Section 5.Nominations Committee
 
a.This Committee shall prepare for approval by the Board of Directors a slate of candidates
for officers, delegates, directors-at-large, and Chapter Presidents for the annual election.
 
b.The Committee shall be chaired by the President-Elect and consist of at least four (4)
Active Members, with a least one (1) Active Member from each Chapter, who shall serve for a
term of one (1) year.
 
c.It shall be the duty of this Committee to solicit nominations from the membership,
determine the eligibility to hold office of each submitted nominee, prepare a slate of those
nominees who meet the criteria for eligibility to hold office, present the slate to the Board of
Directors for review and approval, and collect the information for the biographical sketches to be
included with the Ballot. These obligations shall be accomplished in accord with the time frames
defined in Article VI of these Bylaws.
 
d.The Nominations Committee shall work closely with the Elections Committee in processing
ballot distribution.
 
Section 6.Education Committee
 
a.This Committee shall consist of at least six (6) members and be so constructed as to
provide experienced members for program and education planning.
 
b.The Medical Advisor(s) will be a consultant member of the Committee.
 
c.The Committee shall encourage and assist Chapters in the efforts to conduct educational
programs and maintain a list of educational materials for the Society.
 
d.There will be three subcommittees of the  Education Committee.
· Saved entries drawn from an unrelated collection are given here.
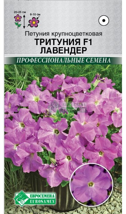 Петуния – растение из семейства паслёновых культур. В середине XVIII столетия был выведен первый в мире гибридный образец, сегодня петуния имеет более 30 основных видов и несколько десятков гибридных единиц. Петуния Тритуния – ярчайшая представительница огромного класса крупноцветковых петуний, отличающаяся максимальной однородностью и выравненностью растений по габитусу, потрясающе выглядит в цветниках открытого грунта. Компактность кустиков с хорошим боковым ветвлением и крупными цветками самой разнообразной окраски, неприхотливость, высокие декоративные качества и устойчивость к непогоде - вот основные характеристики данного вида. Благодаря ярким окраскам крупных цветков и равномерному цветению прекрасно смотрится и в вазонах и в напольных кашпо Отличный посевной материал с высокими показателями всхожести и сортовой чистоты!
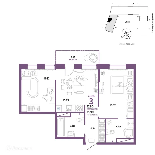 3 комн. квартира в Тюмени в ипотеку от 62 695 руб/месяц
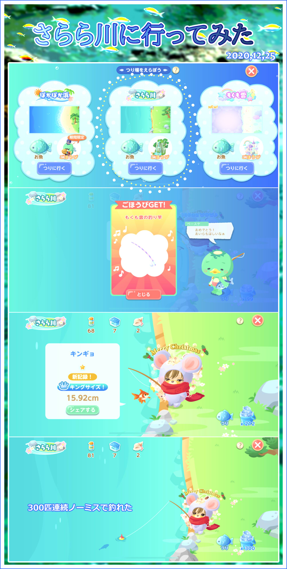 ヌシを釣らなくても『もくも雲』エリアまでは行けるようなので、次は『もくも雲』でお魚を100匹釣って“ぶくぶく洞窟の釣り竿”を入手したいと思います。
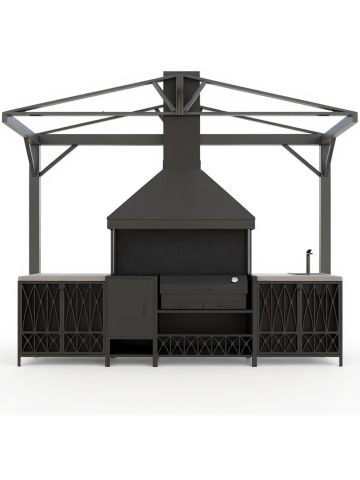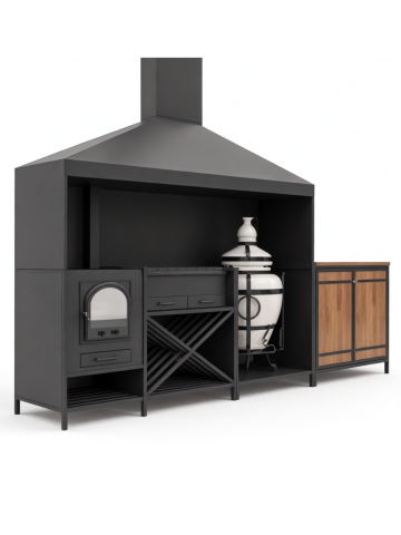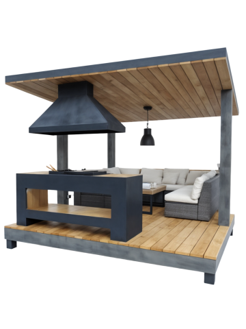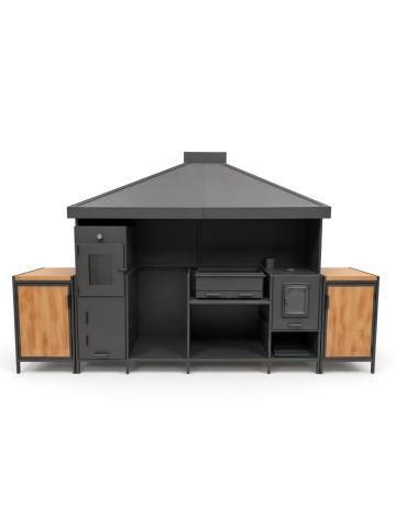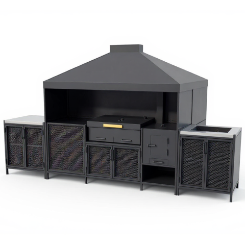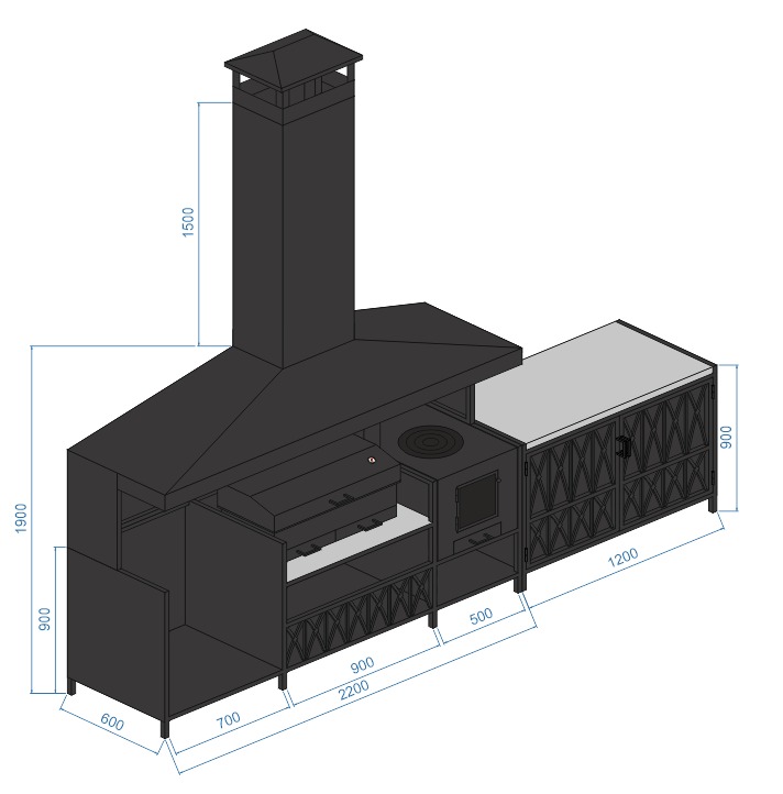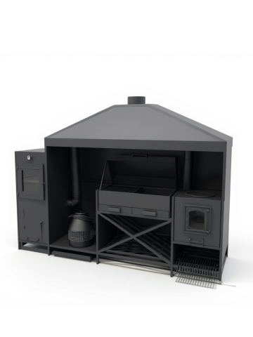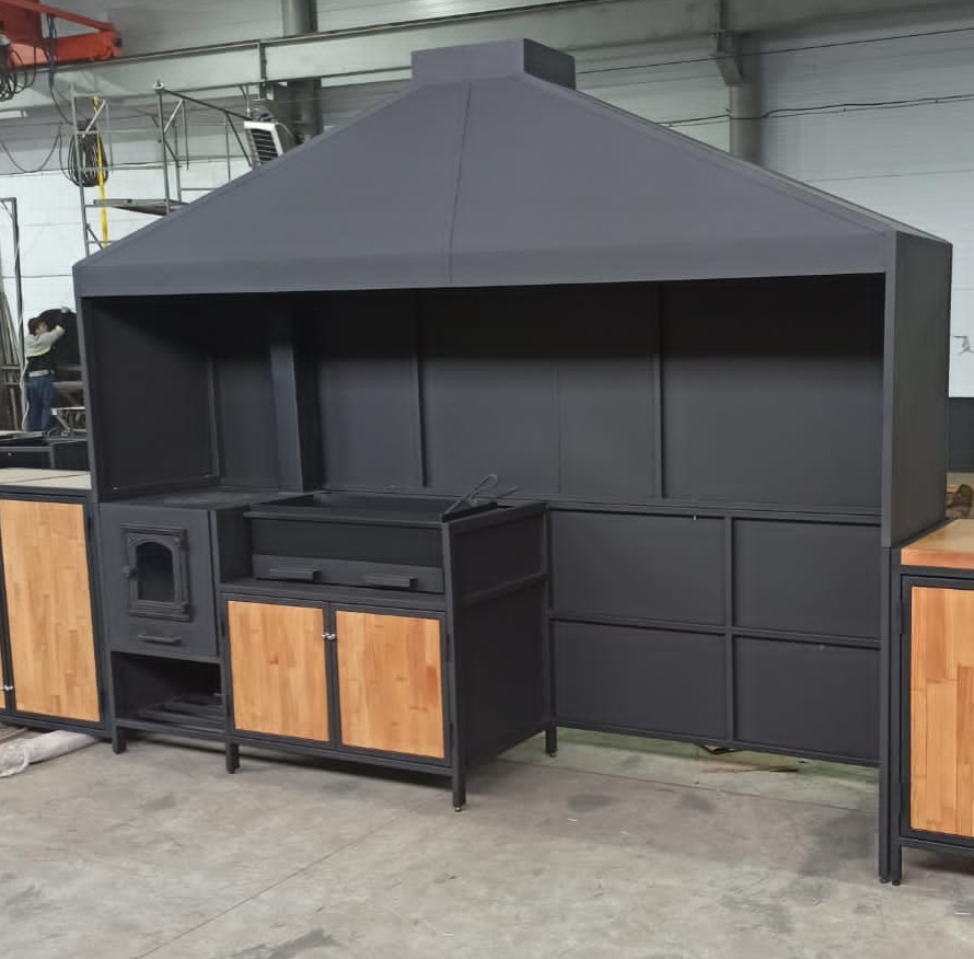 Мангальная зона из металла может стоять на улице и дома. Но для улицы нужен обязательно навес или беседка, если они у уже у вас есть, то сообщите менеджеру для них и рассчитаем. А если нет, может сделать ее тоже. А для дома важна хорошая вытяжная система, чтобы готовить можно было круглы год не открывая настежь окна.
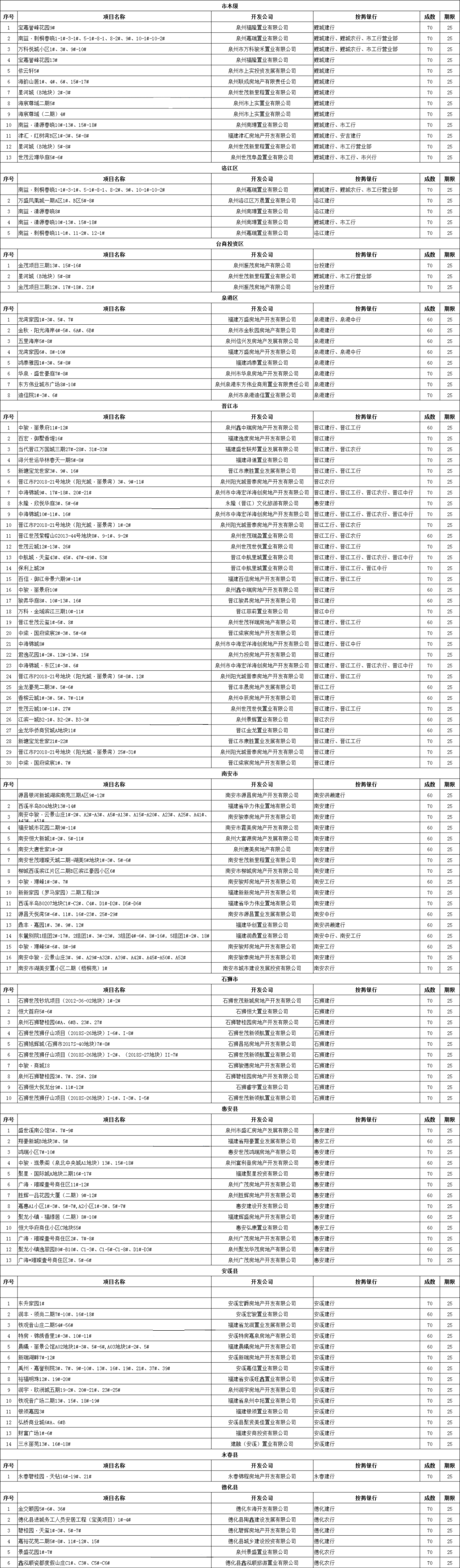 市本级、洛江区、台商区可公积金贷款楼盘共有21个项目,首套最高均可贷款70%。此外,石狮市、永春、德化三地共17个项目,也是首套最高均可贷款70%。泉港、晋江、南安、惠安、安溪共84个项目,部分首套最高可贷款60%,部分首套最高可贷款70%。

These committees are
Program, Scholarship, Pioneer and Pelican Bowl.
 
1.Program Subcommittee shall plan, coordinate, budget, implement and publicize the
State Annual Meeting. Members shall be invited to join as need indicates.
 
2.Scholarship Subcommittee shall advertise, coordinate, and award the Society
scholarships.
 
3.The Pelican Bowl Subcommittee shall plan, coordinate and implement the Pelican
Bowl at the Society's annual meeting; complete all necessary correspondence with the teams, the
Society and/or the AARC.
 
4. Pioneer Committee shall honor and induct new members.
 
Section 7. Bylaws Committee
 
a.This Committee shall consist of three (3) members, one (1) of whom shall be a
Past-President, with one (1) member being appointed annually for a three (3) year term, except
as
is necessary to establish and maintain this rotation.
 
b.The Committee shall receive and prepare all amendments to the Bylaws for submission to
the Board of Directors. The Committee may also initiate such amendments for submission to the
Board of Directors.
 
Section 8.Public Relations 
 
 a. The Committee shall maintain such liaison as has been established by the Board of
Directors with other organizations whose activities may be of interest to the members of this
Society. This shall include the preparation of exhibits, programs, and other items to bring the
message of respiratory care and the AARC to medical, nursing, and hospital groups as well as
educational facilities where using such material can be expected to recruit new people to the field
of respiratory care. Such material shall be subject to the approval of the Medical Advisor(s).
 
 b. Coordinate state wide observances of the National Respiratory Care Week.
 
 c. Delegate and maintain PR mailing list for State Society.
 
 d. Establish correspondence with programs across the state and serve as a resource to
them.
 
e. There will be two subcommittees of the Public Relations Committee. These committees are
Publications and Chapter Affairs. Each subcommittee shall consists of at least three (3)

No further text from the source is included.